INFORMATION
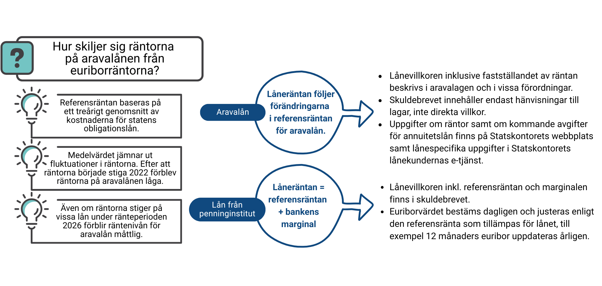 De ändringar som är möjliga är ändringar av amorteringsraternas storlek och lånetiden samt sänkning av lånets ränta.
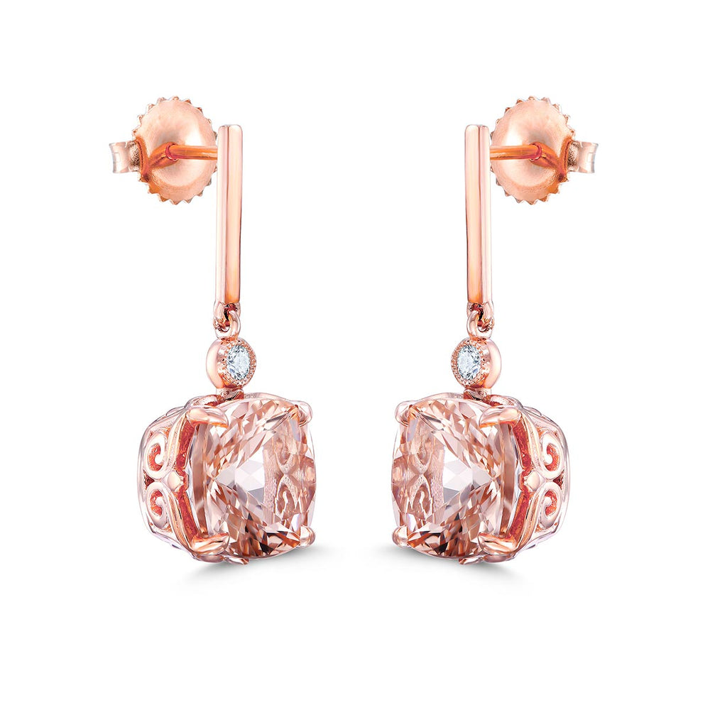 14k Rose Gold Earrings - Featuring 3.19ctw Morganites With Diamonds
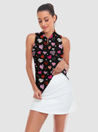 Heart Print Racerback Quarter-zip Sleeveless Shirt
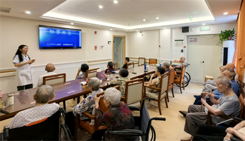 八段锦活动结束后,中西医结合科马不停蹄地赶到莱康养老院,为这里的老年居民带来了一场秋季养生讲座。中西医结合科副主任、副主任医师欧降红在讲座中应用中医知识,详细阐述了秋季养生的重要性及注意事项,并针对老年人提出了具体的养生建议。
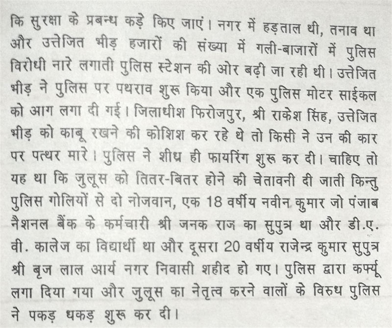 Without any warning, the police opened fire towards the crowd. 18-year-old Naveen Kumar and 20-year-old Rajendra Kumar were shot dead. As per the rules, police had to fire warning shots, but the rules were ignored. Abohar lost two more young souls.
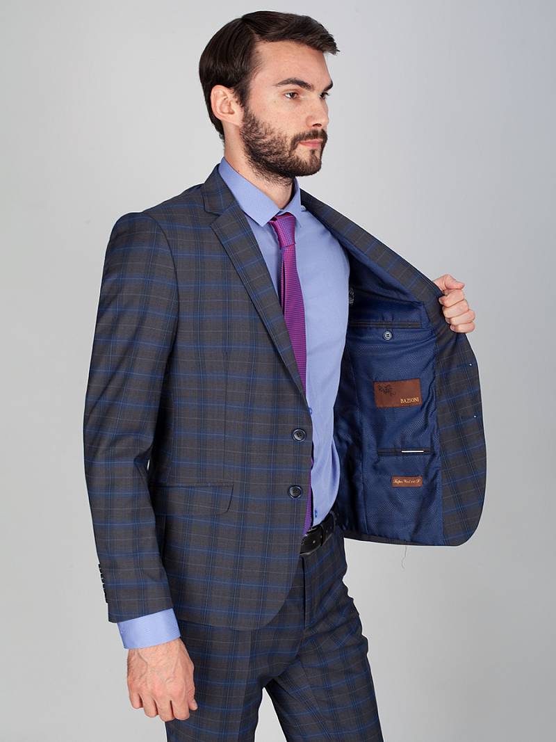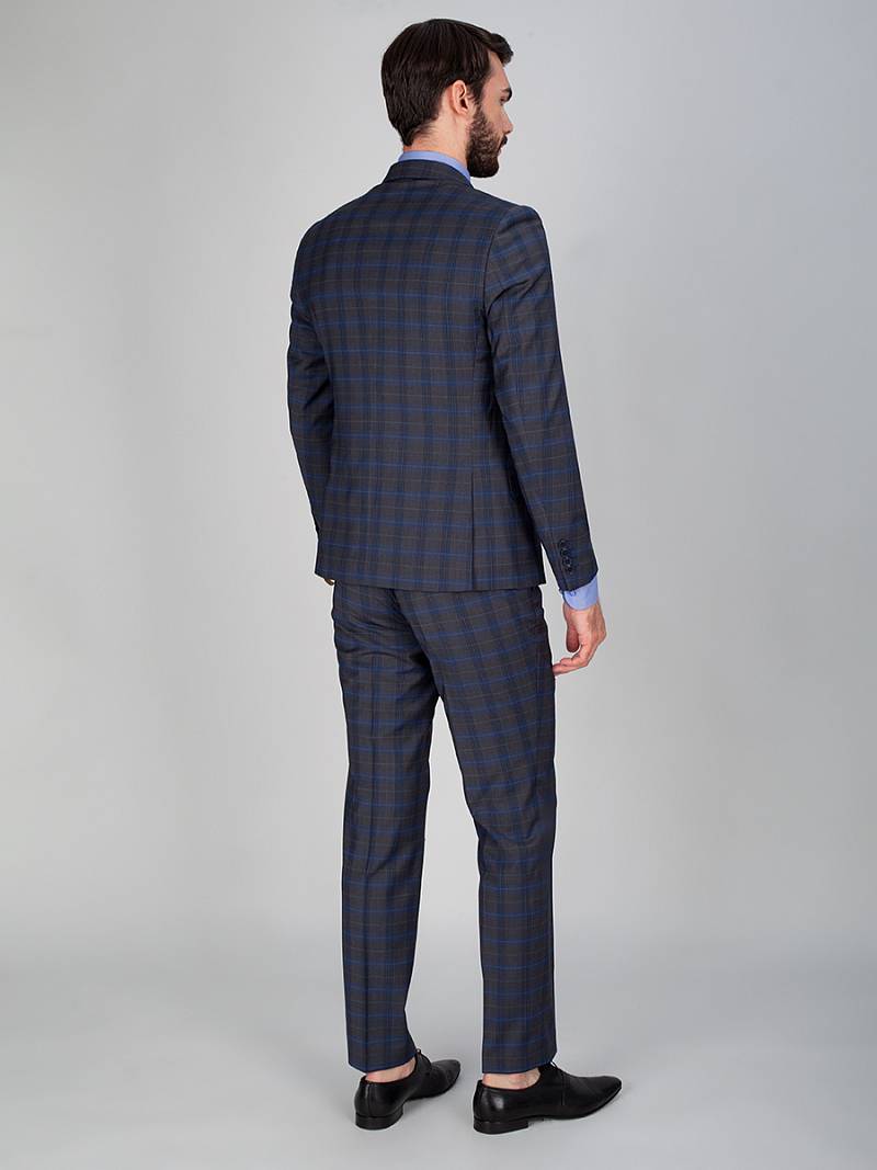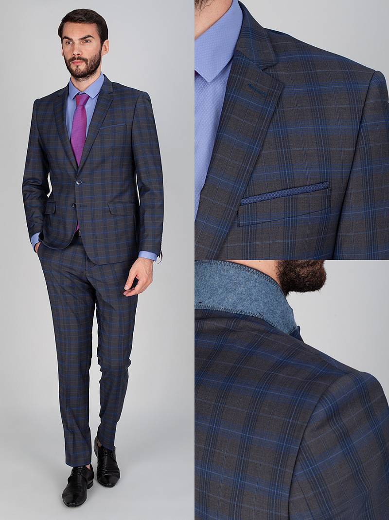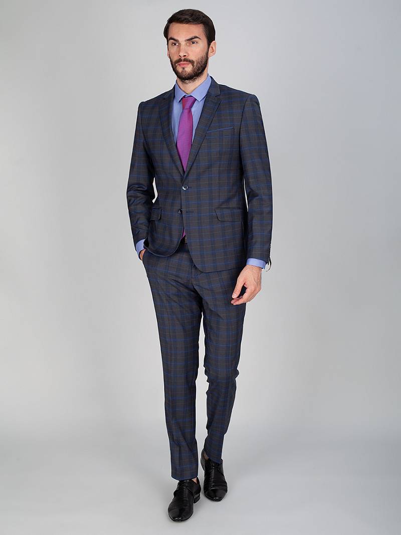 Классический костюм двойка Slim fit. Пиджак на две пуговицы, с боковыми и нагрудным карманами, по спинке две шлицы, в нагрудном кармане декоративный платок. Брюки без защипов с боковыми и одним задним карманом.
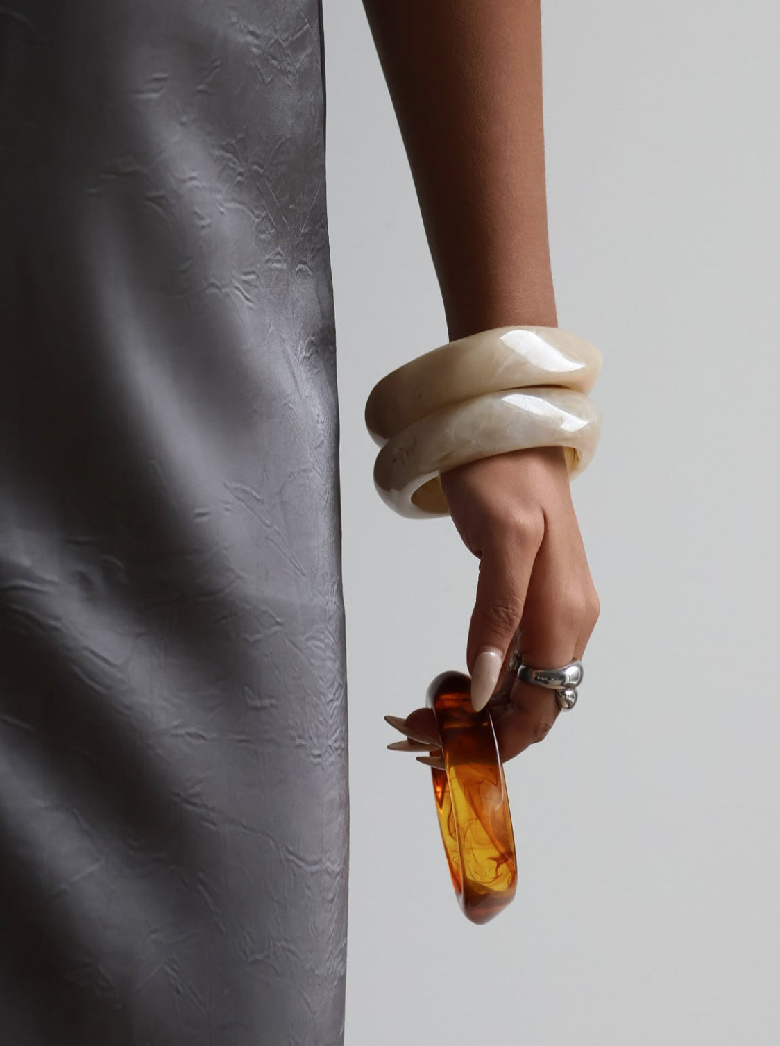 Wrap your wrist in style with the Clara Bangle in a beautiful beige tone with a milky white swirl. Crafted to elevate your outfit making a stylish statement.
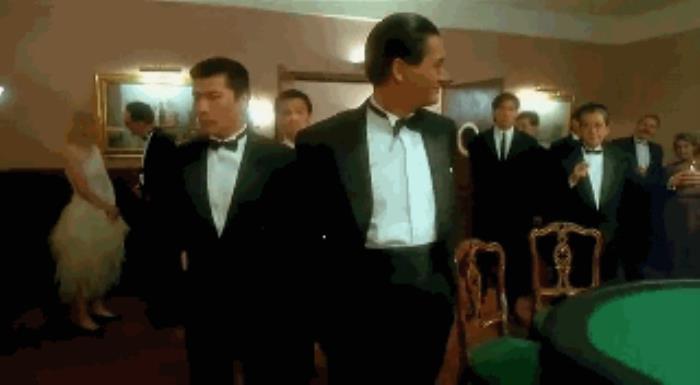 当发哥穿着黑色西装,从门外走进来的时候,他光用个人气质就撑起了整个场面,身边的所有人顿时沦为背景,配合一首经典BGM,造就了“赌神出场”的港片经典片段。
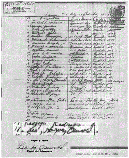 The following is A COPY of the Mexican Hotel's guest register with a blow-up of the signature compared to the signature on the visa. (ALL docs are copies as the FBI took possession of and kept all originals. As time passed and originals were requested, we find that most originals were either destroyed, or claimed to be lost. Whether the CIA/DFS turned over all the docs is yet another difficult to resolve mystery).
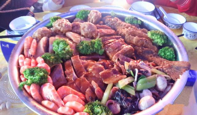 在香雪公园里面,气氛很热闹。这里有非常大的养鱼池海鲜池,还有蛇,鹅等,自养的鸡随处走,主打的就是新鲜食材,以桑拿菜闻名。大盆菜分量十足,有烧鹅、烧鸡、扣肉、鲜虾、罗非鱼、肉丸、腐竹、蔬菜等,排列整齐,做得精致,看着就食欲大振!
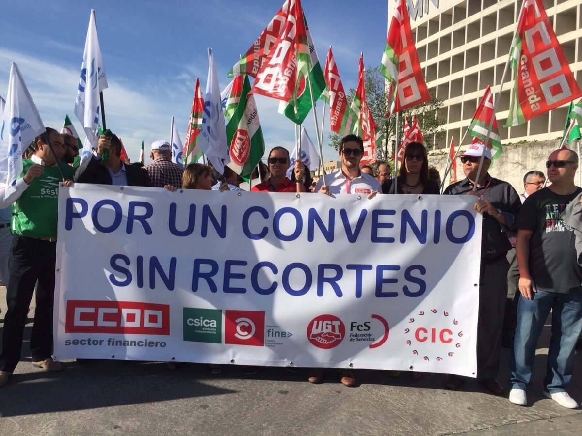 Unos 650 delegados sindicales se han concentrado este viernes en Granada, Córdoba y Málaga ante el "atasco" que existe en la negociación del convenio de ahorro, según han indicado a Europa Press fuentes de CCOO, quienes piden "un convenio sin recortes".
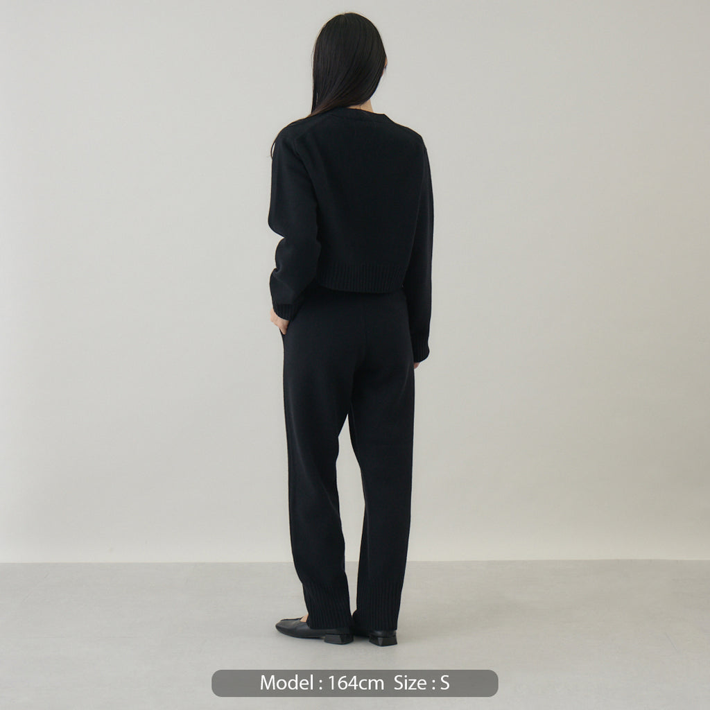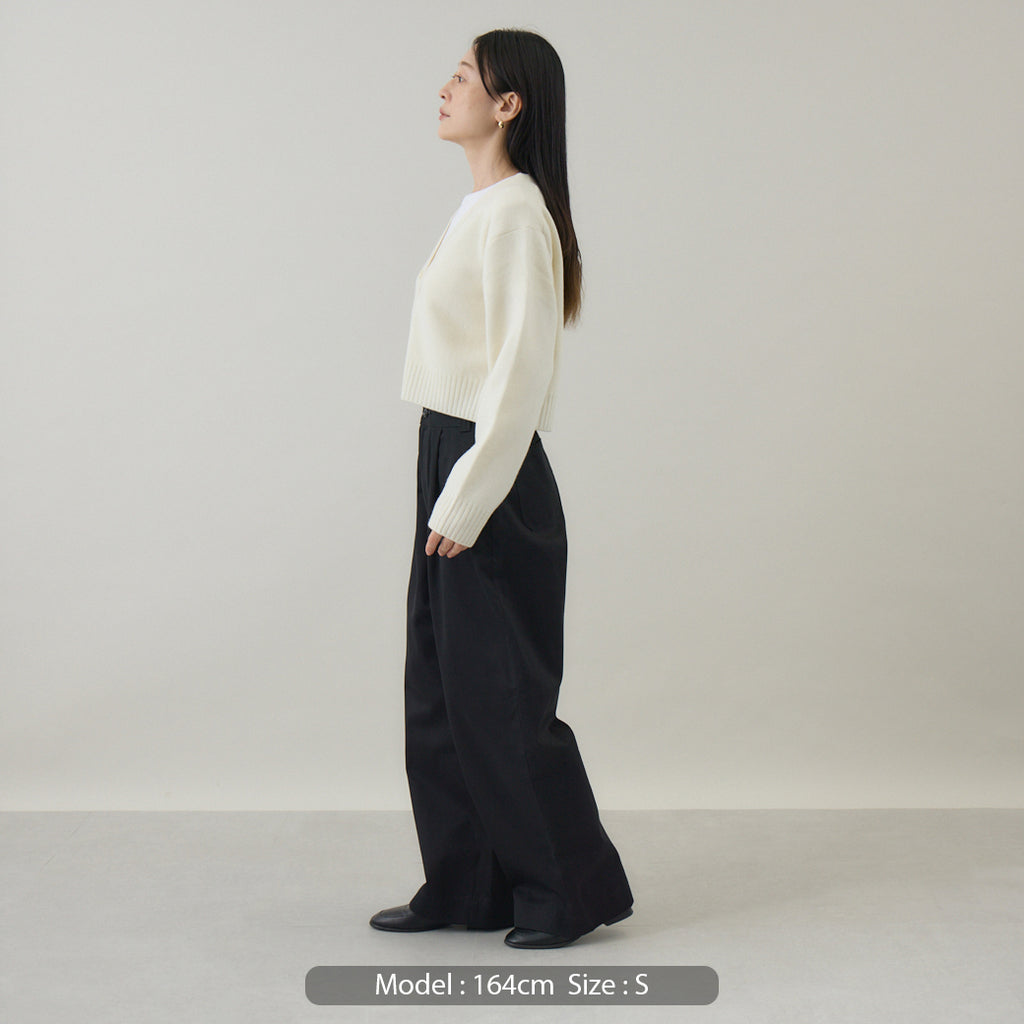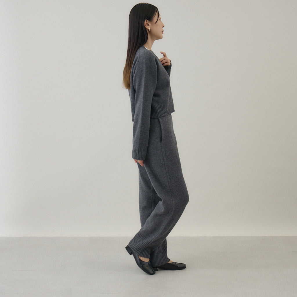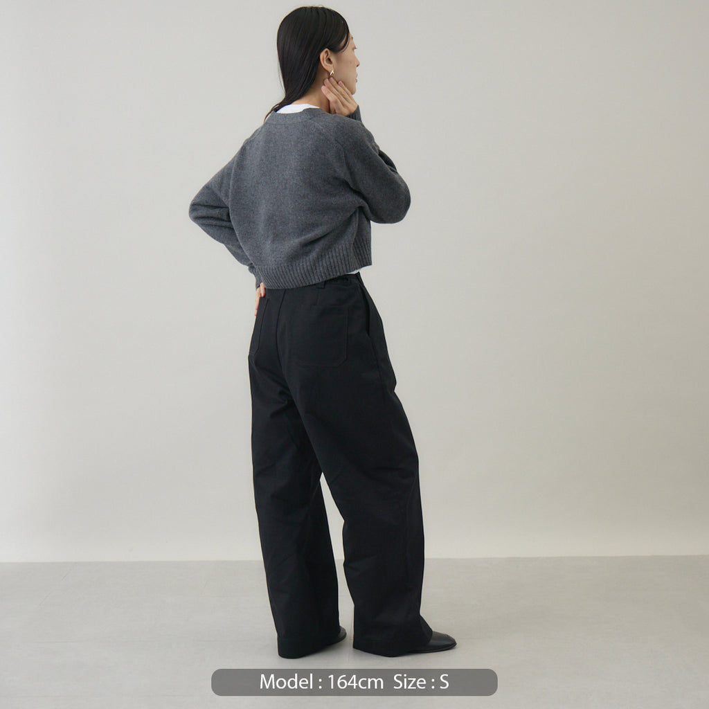 ボトムスと合わせやすいコンパクト丈着丈を短めに設定したカーディガンは、トレンド感を意識しつつ⾒た⽬が若くなりすぎないように仕上げられています。前開きのカーディガンは汎⽤性が⾼いこともポイントで、インナーはブラウス、カットソー等アイテムを選びません。また室内では肩から⽻織るようにすることも意識して作られているため、素材⾃体に軽さや暖かさがあることが汎⽤性の⾼さを引き出します。
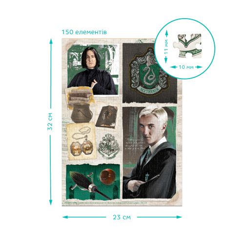Пазл на 150 елементів для дітей віком від 8 років і старше. На малюнку зображені герої фільмів про Гаррі Поттера. Цей яскравий і барвистий пазл є цікавим і корисним заняттям, що сприяє розвитку логічного мислення, уваги і терпіння у дітей. Складання пазла допоможе їм розвивати моторику, візуальне сприйняття та покращувати навички вирішення завдань. Розмір готової картинки – 32 х 23 см.
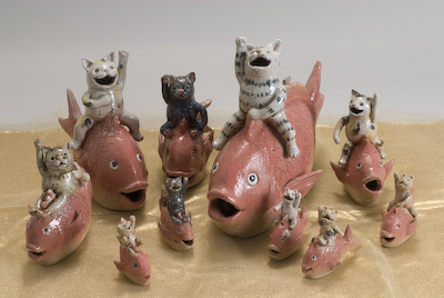 瀬戸の土を使って、人形や動物等を制作しています。陶器により、心と心が触れ合えるような、安らぎのある作品を目指しています。
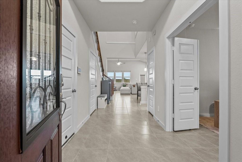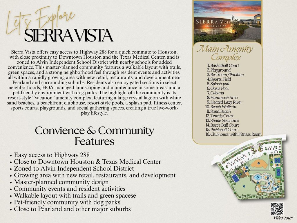 Sizable corner lot hosts this 4/3.5/2 home in Sierra Vista master-planned community. Built in 2023, this home still has upgrades: all hardwood steps, add. attic insulation, water softener, rev. osmosis kitchen tap, generator receptacle/gas hookup & new shades. At almost 2600 sq. ft., this home’s layout = great flow for family/friends/entertaining. A home office inside the front entry is large & perfect for working from home. Living area has large windows looking out into the covered back patio & fenced yard. Spacious kitchen boosts 42” cabinets, classic white subway tile backsplash, gorgeous granite counters, large island w/ sink & breakfast bar. Large 1st floor primary ensuite has a beautiful bath w/ double sinks, separate tub/shower & large walk-in closet. Upstairs are 3 more good-sized bedrooms, 2 full baths & a flexible gameroom & laundry area. Create memories in a beautiful home near Nichols Mock Elem. School, shopping, restaurants & highway access for an easy commute.

WHAT THIS TASK INVOLVES
Where pictures appear, drop them, and reproduce exactly only the lines running from the beginning of the data to the line that contains "ボトムスと合わせやすいコンパ", inclusive.

RESULT FOR THIS EXERCISE
 De ändringar som är möjliga är ändringar av amorteringsraternas storlek och lånetiden samt sänkning av lånets ränta.
 14k Rose Gold Earrings - Featuring 3.19ctw Morganites With Diamonds
 Heart Print Racerback Quarter-zip Sleeveless Shirt
 八段锦活动结束后,中西医结合科马不停蹄地赶到莱康养老院,为这里的老年居民带来了一场秋季养生讲座。中西医结合科副主任、副主任医师欧降红在讲座中应用中医知识,详细阐述了秋季养生的重要性及注意事项,并针对老年人提出了具体的养生建议。
 Without any warning, the police opened fire towards the crowd. 18-year-old Naveen Kumar and 20-year-old Rajendra Kumar were shot dead. As per the rules, police had to fire warning shots, but the rules were ignored. Abohar lost two more young souls.
 Классический костюм двойка Slim fit. Пиджак на две пуговицы, с боковыми и нагрудным карманами, по спинке две шлицы, в нагрудном кармане декоративный платок. Брюки без защипов с боковыми и одним задним карманом.
 Wrap your wrist in style with the Clara Bangle in a beautiful beige tone with a milky white swirl. Crafted to elevate your outfit making a stylish statement.
 当发哥穿着黑色西装,从门外走进来的时候,他光用个人气质就撑起了整个场面,身边的所有人顿时沦为背景,配合一首经典BGM,造就了“赌神出场”的港片经典片段。
 The following is A COPY of the Mexican Hotel's guest register with a blow-up of the signature compared to the signature on the visa. (ALL docs are copies as the FBI took possession of and kept all originals. As time passed and originals were requested, we find that most originals were either destroyed, or claimed to be lost. Whether the CIA/DFS turned over all the docs is yet another difficult to resolve mystery).
 在香雪公园里面,气氛很热闹。这里有非常大的养鱼池海鲜池,还有蛇,鹅等,自养的鸡随处走,主打的就是新鲜食材,以桑拿菜闻名。大盆菜分量十足,有烧鹅、烧鸡、扣肉、鲜虾、罗非鱼、肉丸、腐竹、蔬菜等,排列整齐,做得精致,看着就食欲大振!
 Unos 650 delegados sindicales se han concentrado este viernes en Granada, Córdoba y Málaga ante el "atasco" que existe en la negociación del convenio de ahorro, según han indicado a Europa Press fuentes de CCOO, quienes piden "un convenio sin recortes".
 ボトムスと合わせやすいコンパクト丈着丈を短めに設定したカーディガンは、トレンド感を意識しつつ⾒た⽬が若くなりすぎないように仕上げられています。前開きのカーディガンは汎⽤性が⾼いこともポイントで、インナーはブラウス、カットソー等アイテムを選びません。また室内では肩から⽻織るようにすることも意識して作られているため、素材⾃体に軽さや暖かさがあることが汎⽤性の⾼さを引き出します。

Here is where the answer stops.